By Neville S. Roche, ContributorTHE CELEBRATED Pakistan Economist Mahbub Ul Haq died July 16, 1998. He is widely regarded as the outstanding visionary of development economics. While attending Ivy League Universities (Yale, Cambridge and Harvard) in the 1950s, Mr. Ul Haq was exposed to the "prevailing wisdom" of measuring development by looking solely at economic growth, i.e. growth in gross domestic product (GDP).
Many economists expressed disquiet about this emphasis on economic growth, which led to conventional usage development becoming a synonym for economic growth. Dudley Seers, Dennis Goulet and Donald Warwick all had profound misgivings.
Seers (1972) asked poignantly "Why do we confuse development with economic growth?" The enterprising Mahbub set about devising a more accurate and meaningful measure of development.
PIONEERING WORK
Several decades later, his pioneering work refined and honed by rigorous analysis found tangible expression in the human development report founded by him in 1990 under the auspices of the United Nations Development Programme.
The Human Development Report as devised by the ingenious Mr. Haq is an index for human development which measures national well being: life expectancy, education, welfare and of course wealth. This comprehensive view of development is really about expanding the choices people have and creating at the same time an environment in which they can develop their full potential and lead productive creative lives.
Development is much more than economic growth, which is a means albeit very important one of enlarging peoples choices.
Early in his career he worked at the World Bank but it proved too small and limiting a stage for the flamboyant irrepressible intellectual. His own country, Pakistan appointed him Minister of Finance under General Zia Ul Haq's government 1985-1988.
The outspoken economist with a concern for the poor tried to tax the 22 families that controlled Pakistan's economy. Predictably he was unsuccessful. Undaunted, he started the human development two years later.
PROFOUND AND ENGAGING
A persuasive and compelling speaker, Mr.
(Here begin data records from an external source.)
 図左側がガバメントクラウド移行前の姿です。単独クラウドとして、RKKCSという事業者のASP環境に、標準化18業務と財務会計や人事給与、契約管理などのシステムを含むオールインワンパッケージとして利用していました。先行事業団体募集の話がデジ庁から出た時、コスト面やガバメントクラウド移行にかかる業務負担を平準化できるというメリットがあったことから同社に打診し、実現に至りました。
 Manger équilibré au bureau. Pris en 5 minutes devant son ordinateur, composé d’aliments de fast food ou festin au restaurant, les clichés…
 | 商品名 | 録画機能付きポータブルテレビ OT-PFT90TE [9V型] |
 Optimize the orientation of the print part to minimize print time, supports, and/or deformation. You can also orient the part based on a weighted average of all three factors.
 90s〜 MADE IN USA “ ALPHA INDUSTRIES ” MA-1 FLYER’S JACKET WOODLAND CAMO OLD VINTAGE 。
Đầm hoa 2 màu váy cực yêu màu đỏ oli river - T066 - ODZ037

Ul Haq was pragmatic yet profound and engaging in the promotion of his thesis.
Richard Jolly, a colleague, remembers him thus: 'He would hold audiences spellbound, weaving together his proposals and vision in a subtle mixture of technical analysis, political cunning and with the uncompromising tones of the true preacher".
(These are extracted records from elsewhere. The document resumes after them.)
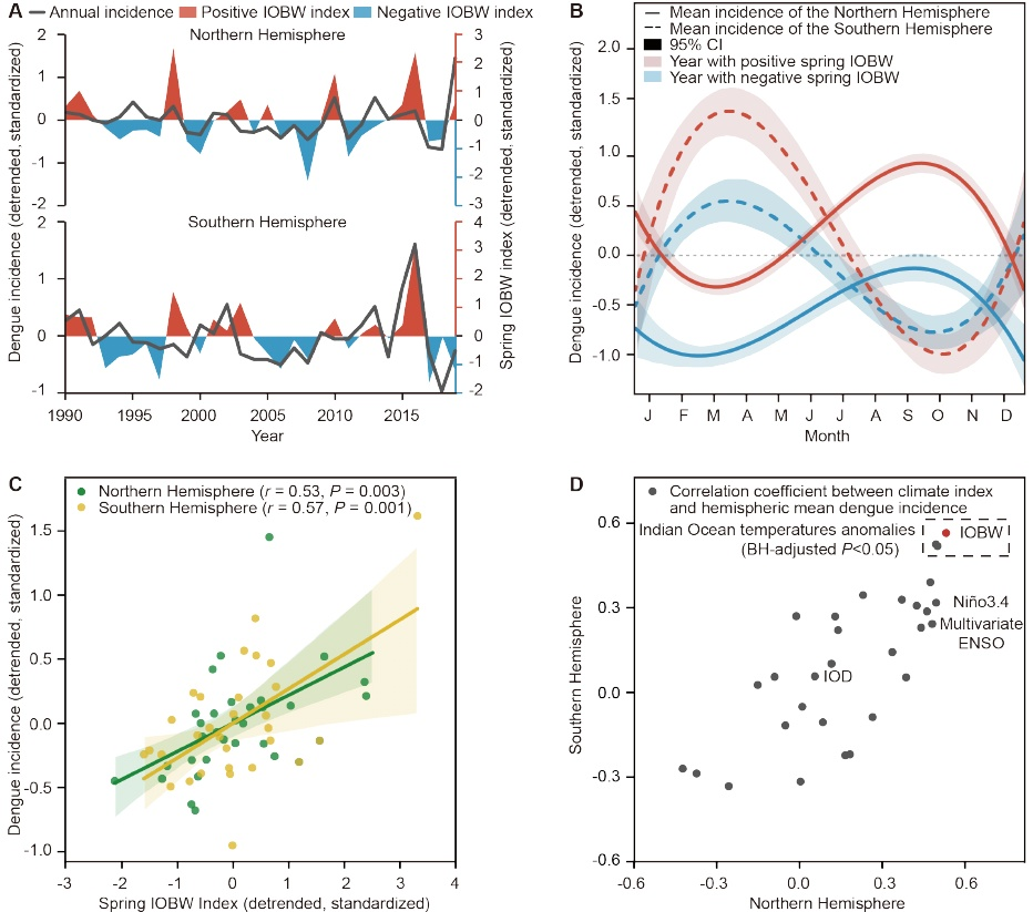 IOBW指数可作为预测全球登革热流行年际和季节规模的指标。IOBW指数是热带印度洋海表温度(SST)异常的区域平均值,以全海域变暖或变冷为特征,是热带印度洋变率的最主要模态。研究团队发现过去30年间(1990-2019)南、北半球的登革热发病率和IOBW指数表现出一致的长期趋势(图1A)。同时,登革热流行季前一季度气候指数与南、北半球登革热月发病率均相关,具体表现为:当IOBW指数为正(负)值时,登革热月发病率偏高(低)(图1B)。团队还进一步测试结果的特异性,发现在30个全球气候指数中,IOBW指数与南、北半球登革热年发病率呈现最密切的相关性,且南、北半球的关联性基本一致(图1C、图1D)。上述发现表明,登革热规律性的年际和季节波动可能受到全球气候模态之一的热带印度洋全区海温一致变化模态的统一影响。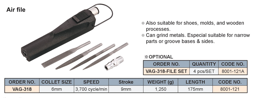 Ứng dụng: Máy giũa khí nén VAG-318 được dùng để sửa khuôn, chi tiết gỗ, đánh giầy và chi tiết chật hẹp hoặc các bề mặt, đế có rãnh.Tra dầu bôi trơn #60.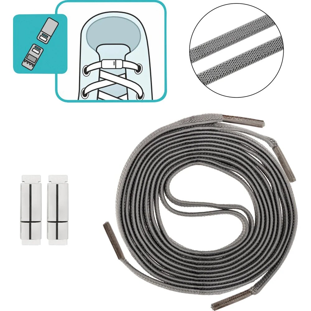 Шнурки с магнитным фиксатором плоские эластичные, цвет серый

So pervasive has been his influence that many countries now have Human Development Centres producing annual reports.
Is there any hope for poor developing countries? Yes would be his answer. He loved to cite example of Costa Rica as a country that had virtually abolished its army and was spending a third of its national income on education and health. It is one of the most prosperous democracies in Central America.
Noble in vision, worthy in motive, penetrating in intellect and gracious in spirit, Mahbub Ul Haq would be the first to find resonance with Aristotle's "wealth is evidently not the good we are seeking, for it is merely useful for the sake of something else".